On the tour I saw what is apparently close to the entire fleet of original Helicos instruments (I think a few are still in the wild), many cannibalized for parts.  SeqLL had announced plans to launch a new instrument which would be substantially smaller -- benchtop instead of its own hulking cabinet.  They've succeeded in building the smaller instruments, abetted by many advances outside of sequencing.  For example, much of the original space was occupied by a backup power supply to enable graceful shutdown in the even of power failure.  Modern UPS units are more compact and can live outside the box.  Previously huge compute hardware to control various instrument functions now fit in much smaller spaces.  The benchtop instrument still has a huge, beautiful U-shaped granite block for stabilization.  The new boxes use the same consumables: SeqLL focused their limited engineering budget on shrinking the instrument, resulting in the box seen below.



However, SeqLL has looked at the business proposition of launching an instrument and sees it as too expensive and risky.  They have a committed group of customers who love their service offering and aren't screaming for in-sourcing that work.  Keeping machines running in multiple remote sites is exponentially harder than running those close-to-home.  They also cited the issue of intellectual property: a Chinese company called Direct Genomics is also launching instruments based on Helicos technology and will be in direct competition with SeqLL.  Fielded instruments represent potential leakage of design secrets.
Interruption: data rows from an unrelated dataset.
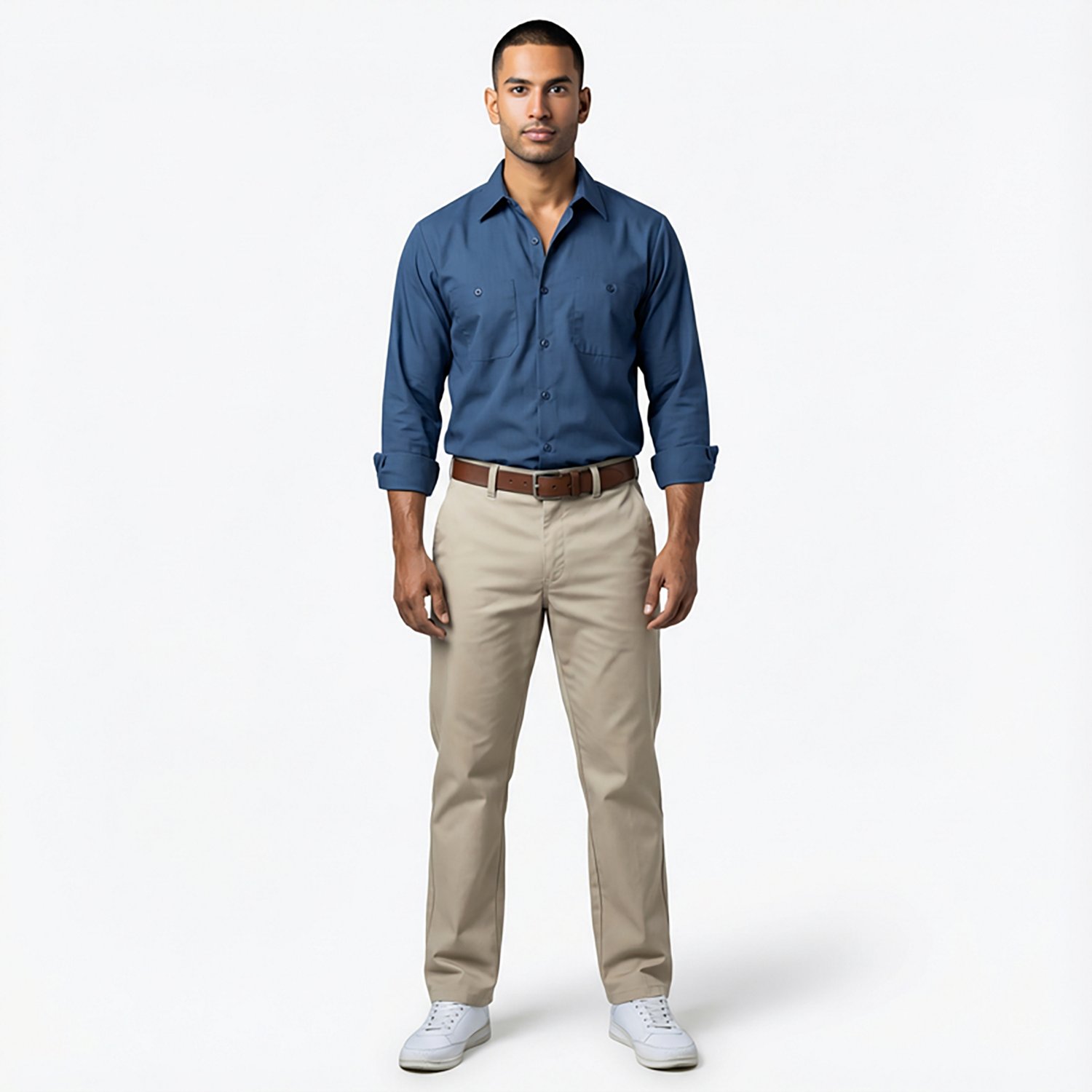 2 button-through, hex-style chest pockets with bar-tack stitching and a pencil stall in the left pocket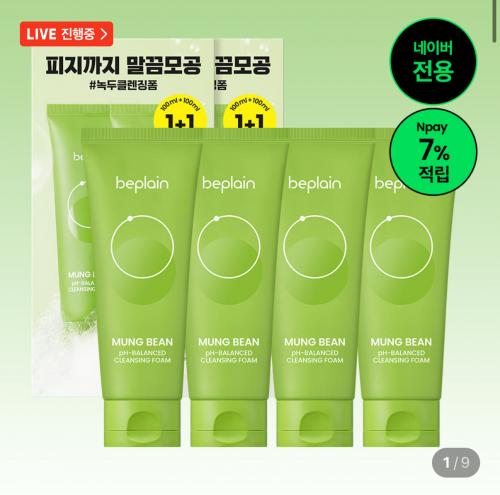 [네이버] 비플레인 녹두 약산성 클렌징폼 100ml 4개 (29,800원/무배)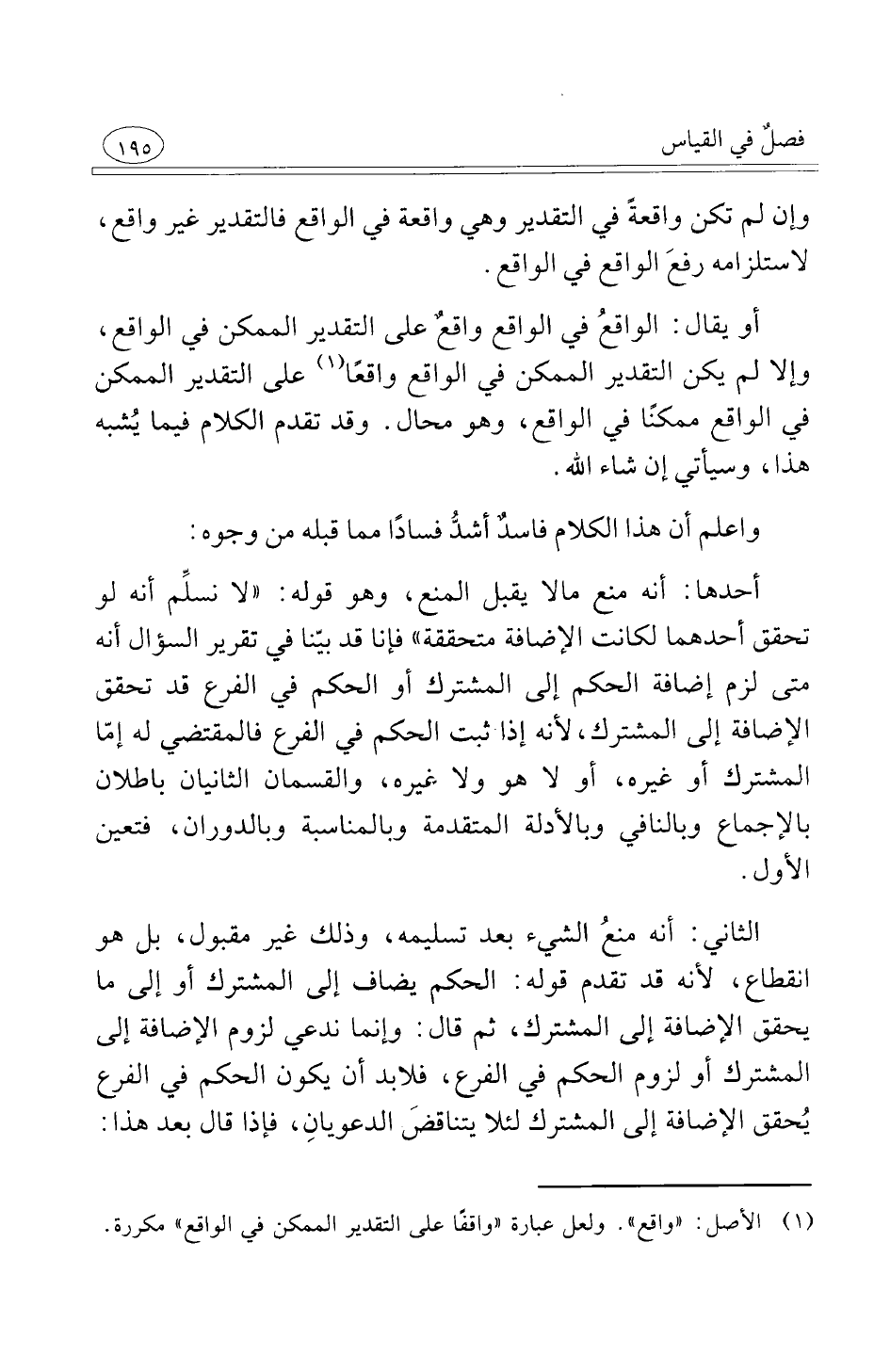 أو يقال الواقعُ في الواقع واقعٌ على التقدير الممكن في الواقع وإلا لم يكن التقدير الممكن في الواقع واقعًا على التقدير الممكن في الواقع ممكنًا في الواقع وهو محال وقد تقدم الكلام فيما يُشبه هذا وسيأتي إن شاء الله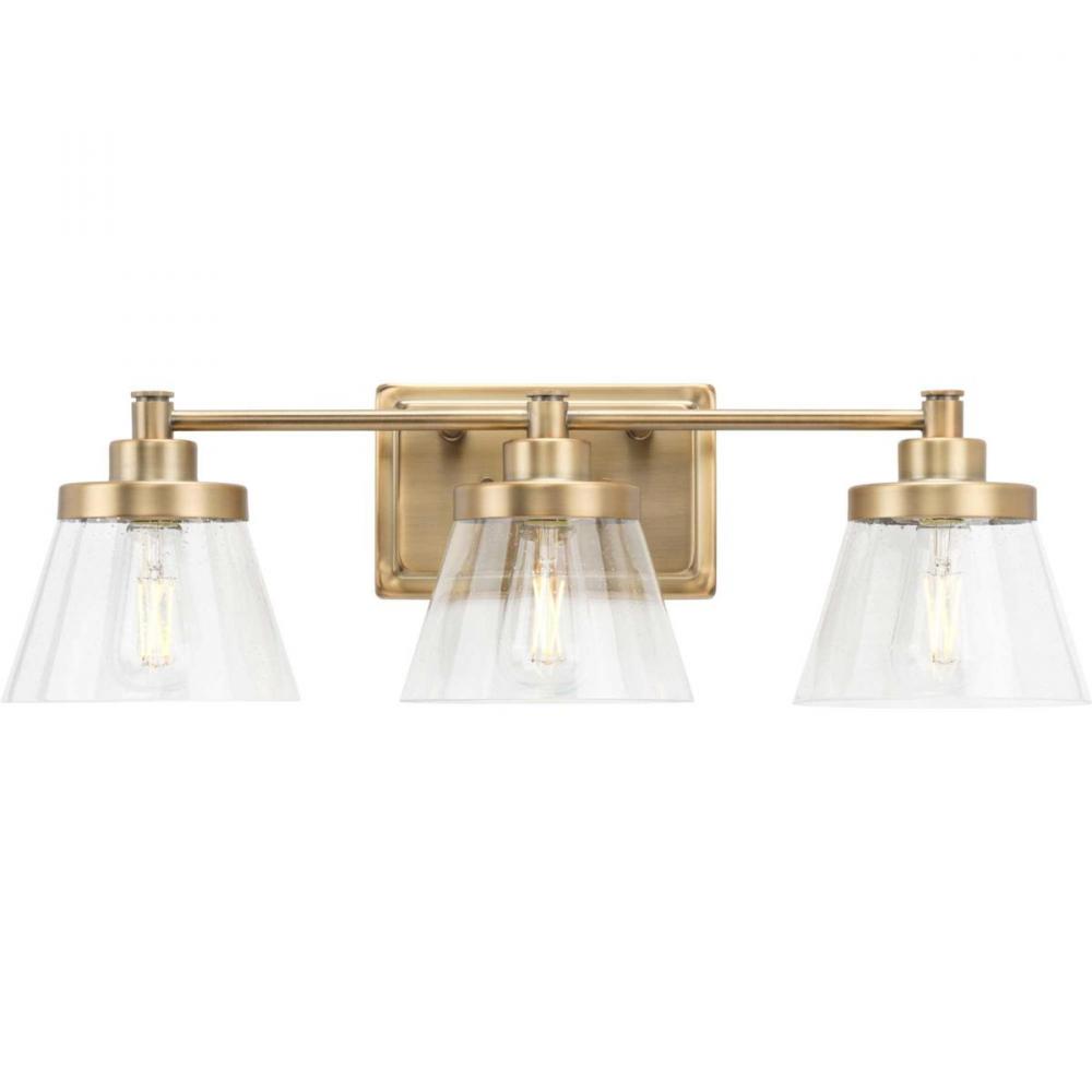 Ideal for a bathroom;Perfect for farmhouse and transitional style settings;Golden vintage brass finish;Clear seeded glass;Mount the light fixture facing up or down;Uses 3 medium base base bulbs that are sold separately (60 W max - LED/CFL/incandescent);Mea
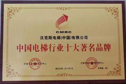 2017年7月,中国市场调查研究中心联合中国社会经济决策咨询中心等多家权威机构以及评审委员会组织专家对申报企业进行综合评价和确认。沃克斯电梯顺利通过复审,再次被认定为“中国电梯制造业十强企业”、“中国电梯行业十大著名品牌”荣誉称号。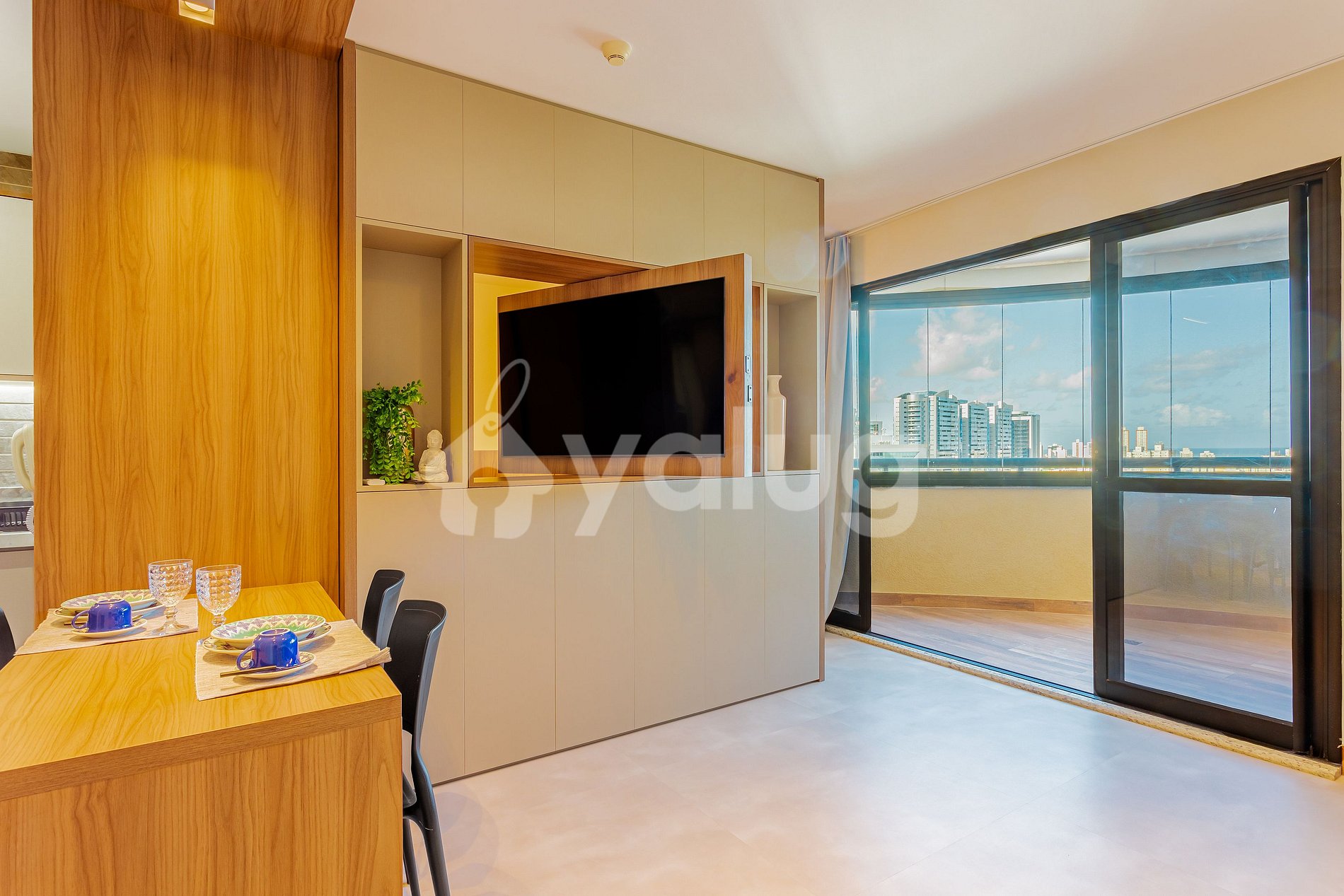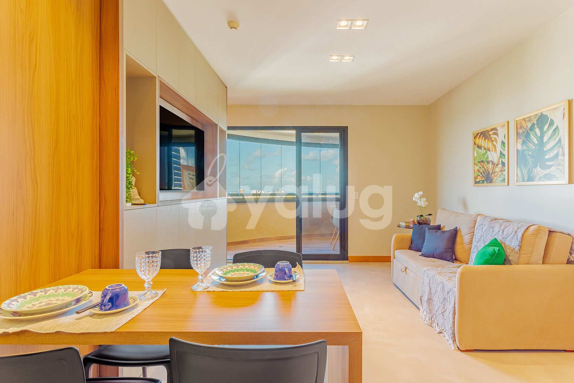Por estar localizado no 18n º andar, é possível ter a vista da cidade e do mar. O imóvel dispõe de 1 quarto com cama casal, ar condicionado Split, sala com sofá cama e acesso a vista, uma cozinha de apoio com todos utensílios necessários para sua estadia.
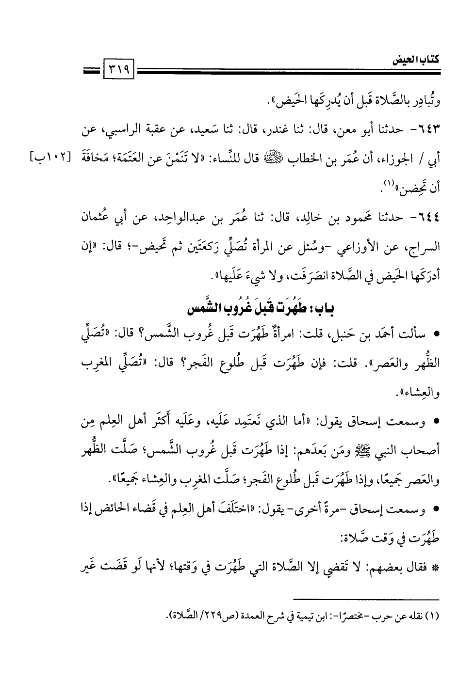 • سألت أحمَد بن حَنبل، قلت: امرأةٌ طَهُرَت قَبل غُروب الشَّمس؟ قال: «تُصَلِّي الظُّهر والعَصر». قلت: فإن طَهُرَت قَبل طُلوع الفَجر؟ قال: «تُصَلِّي المغرِب والعِشاء».

SeqLL is also trying to move their branding away from sequencing towards a focus on molecular counting, particularly from low abundance inputs.  They recognize that the Helicos technology has long been eclipsed from the standpoint of de novo sequencing.  Other single molecule sequencing technologies from PacBio and Oxford Nanopore emphasize long reads, where the Helicos technology was never going.  Where it excels is in counting applications, with the strong selling point of the fast, minimal library preparation, resulting in little if any distortion of counts.  So RNA counting and copy number analysis and ChIP-Seq and similar applications.  That changes their primary competitors to companies such as NanoString and the various vendors of digital PCR and qPCR.  The huge advantage of SeqLL in those spaces is not having to design and order specialized reagents or the losses of information that necessarily encumber targeted approaches. Of course, there's also overlap with Illumina and Ion Torrent, but SeqLL believes they can compete on the "no distortion" angle.  And it is still a sequencing technology, capable of reading variation while it counts.

How will SeqLL do going forward?  They'd like to broaden their funding and funding base as well as their stable of satisfied customers in academia and industry.  The original angel investor remains committed, but SeqLL would like to go beyond that source of funds.  By focusing their resources on the service business and further developing applications, the company can focus on organic growth rather than the spectacular multiples demanded by venture investors.  If you think that recipe only builds small companies, think again: IDT and NEB both used this game plan.  

So keep an eye on SeqLL.  They're scrappy and they're focused on staying lean.  They've accepted they are a niche player, but that low input molecular counting niche is large and almost certainly growing.  


2 comments:

Leeloo said...

I love the more "business analysis" perspective of this post. Thanks!

Unknown said...

Great Job Keith. I was looking forward to this.